As a component of Reconstruction, the Interior Department ordered a meeting of representatives from all Indian tribes who had affiliated with the Confederacy. The council, the Southern Treaty Commission, was first held in Fort Smith, Arkansas in September 1865, and was attended by hundreds of Native Americans representing dozens of tribes. Over the next several years the commission negotiated treaties with tribes that resulted in additional re-locations to Indian Territory and the de facto creation (initially by treaty) of an unorganized Oklahoma Territory.

Lincoln's presidential Reconstruction

Preliminary events

President Lincoln signed two Confiscation Acts into law, the first on August 6, 1861, and the second on July 17, 1862, safeguarding fugitive slaves who crossed from the Confederacy across Union lines and giving them indirect emancipation if their masters continued insurrection against the United States.
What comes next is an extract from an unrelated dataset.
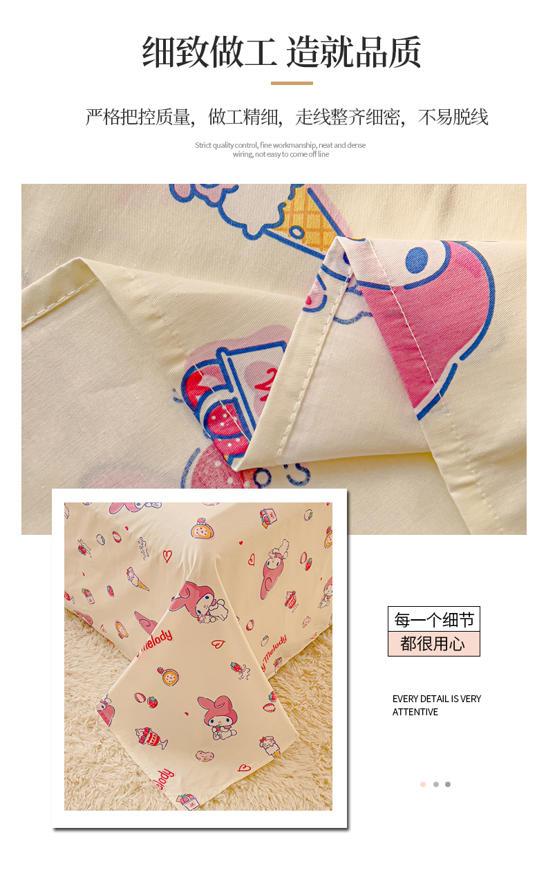 (总)金丝鸟家纺 2025新款三丽鸥系列全棉斜纹13370单品床笠,波点美乐蒂,彩虹大耳朵狗,条纹库洛米,晚安kt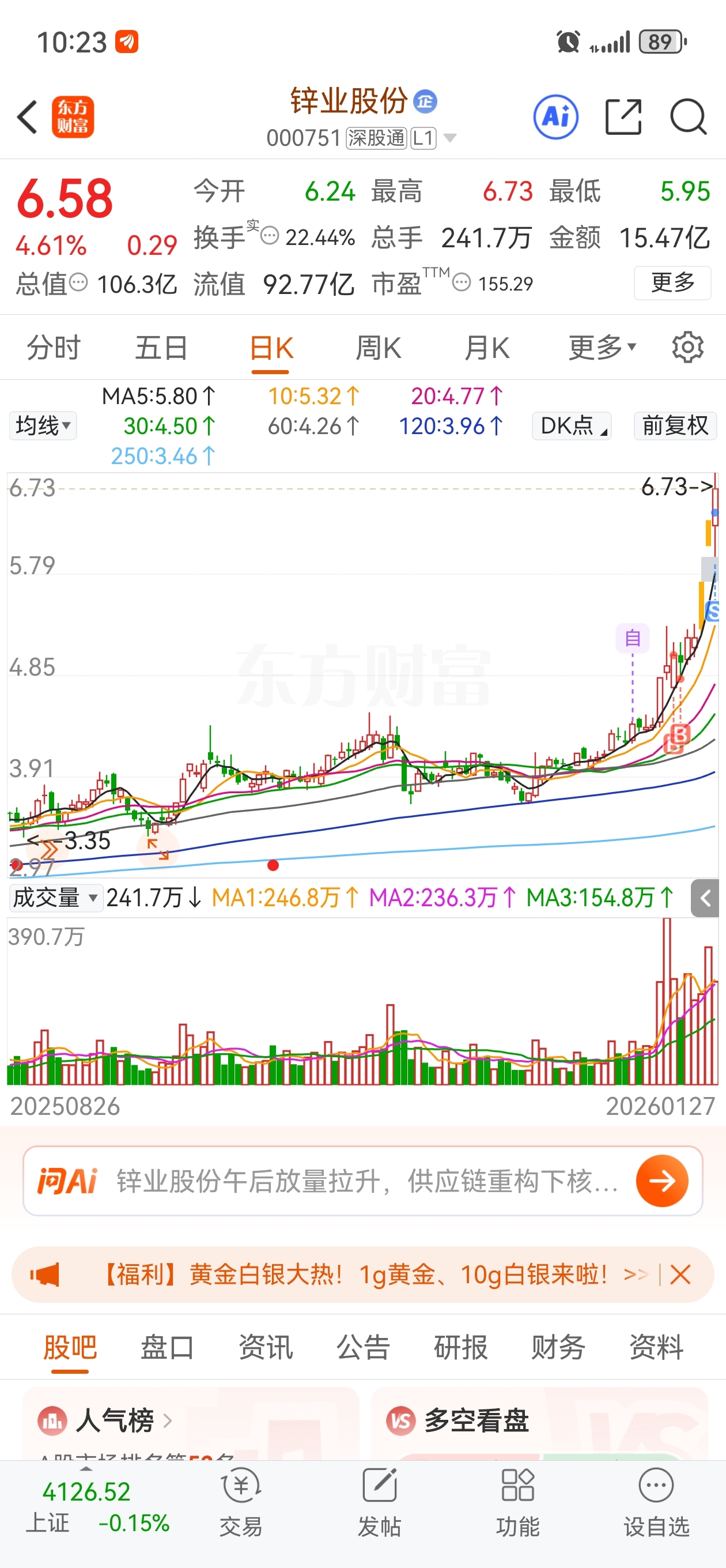 $锌业股份(SZ000751)$ 666卖了果然一直拉

The laws allowed the confiscation of lands for colonization from those who aided and supported the rebellion. However, these laws had limited effect as they were poorly funded by Congress and poorly enforced by Attorney General Edward Bates.

In August 1861, Maj. Gen. John C. Frémont, Union commander of the Western Department, declared martial law in Missouri, confiscated Confederate property, and emancipated their slaves. President Lincoln immediately ordered Frémont to rescind his emancipation declaration, stating: "I think there is great danger that ... the liberating slaves of traitorous owners, will alarm our Southern Union friends, and turn them against us—perhaps ruin our fair prospect for Kentucky." After Frémont refused to rescind the emancipation order, President Lincoln terminated him from active duty on November 2, 1861. Lincoln was concerned that the border states would secede from the Union if slaves were given their freedom. On May 26, 1862, Union Maj. Gen. David Hunter emancipated slaves in South Carolina, Georgia, and Florida, declaring all "persons ... heretofore held as slaves ... forever free". Lincoln, embarrassed by the order, rescinded Hunter's declaration and canceled the emancipation.
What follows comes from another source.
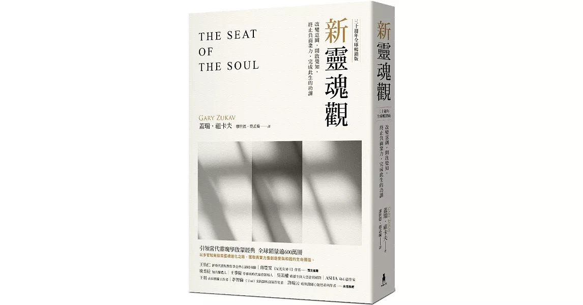 商品描述: 書名:新靈魂觀(30週年全球暢銷版):改變意圖,開啟覺知,終止負面業力,完成此生功課,原文名稱:The Seat of the Soul,語言:繁體中文,ISBN:9789863597124,頁數:336,出版社:木馬文化,作者:蓋瑞.祖卡夫,譯者:廖世德,蔡孟璇,出版日期:2019/10/30,類別:宗教命理

On April 16, 1862, Lincoln signed a bill into law outlawing slavery in Washington, D.C., and freeing the estimated 3,500 slaves in the city. On June 19, 1862, he signed legislation outlawing slavery in all U.S. territories. On July 17, 1862, under the authority of the Confiscation Acts and an amended Force Bill of 1795, he authorized the recruitment of freed slaves into the U.S. Army and seizure of any Confederate property for military purposes.

Gradual emancipation and compensation
In an effort to keep border states in the Union, President Lincoln, as early as 1861, designed gradual compensated emancipation programs paid for by government bonds. Lincoln desired Delaware, Maryland, Kentucky, and Missouri to "adopt a system of gradual emancipation which should work the extinction of slavery in twenty years". On March 26, 1862, Lincoln met with Senator Charles Sumner and recommended that a special joint session of Congress be convened to discuss giving financial aid to any border states who initiated a gradual emancipation plan. In April 1862, the joint session of Congress met; however, the border states were not interested and did not make any response to Lincoln or any congressional emancipation proposal. Lincoln advocated compensated emancipation during the Hampton Roads Conference.

Colonization
In August 1862, President Lincoln met with African American leaders and urged them to colonize some place in Central America. Lincoln planned to free the Southern slaves in the Emancipation Proclamation and he was concerned that freedmen would not be well treated in the United States by Whites in both the North and South. Although Lincoln gave assurances that the United States government would support and protect any colonies that were established for former slaves, the leaders declined the offer of colonization. Many free Blacks had been opposed to colonization plans in the past because they wanted to remain in the United States. President Lincoln persisted in his colonization plan in the belief that emancipation and colonization were both part of the same program. By April 1863, Lincoln was successful in sending Black colonists to Haiti as well as 453 to Chiriqui in Central America; however, none of the colonies were able to remain self-sufficient. Frederick Douglass, a prominent 19th-century American civil rights activist, criticized Lincoln by stating that he was "showing all his inconsistencies, his pride of race and blood, his contempt for Negroes and his canting hypocrisy". African Americans, according to Douglass, wanted citizenship and civil rights rather than colonies. Historians are unsure if Lincoln gave up on the idea of African American colonization at the end of 1863 or if he actually planned to continue this policy up until 1865.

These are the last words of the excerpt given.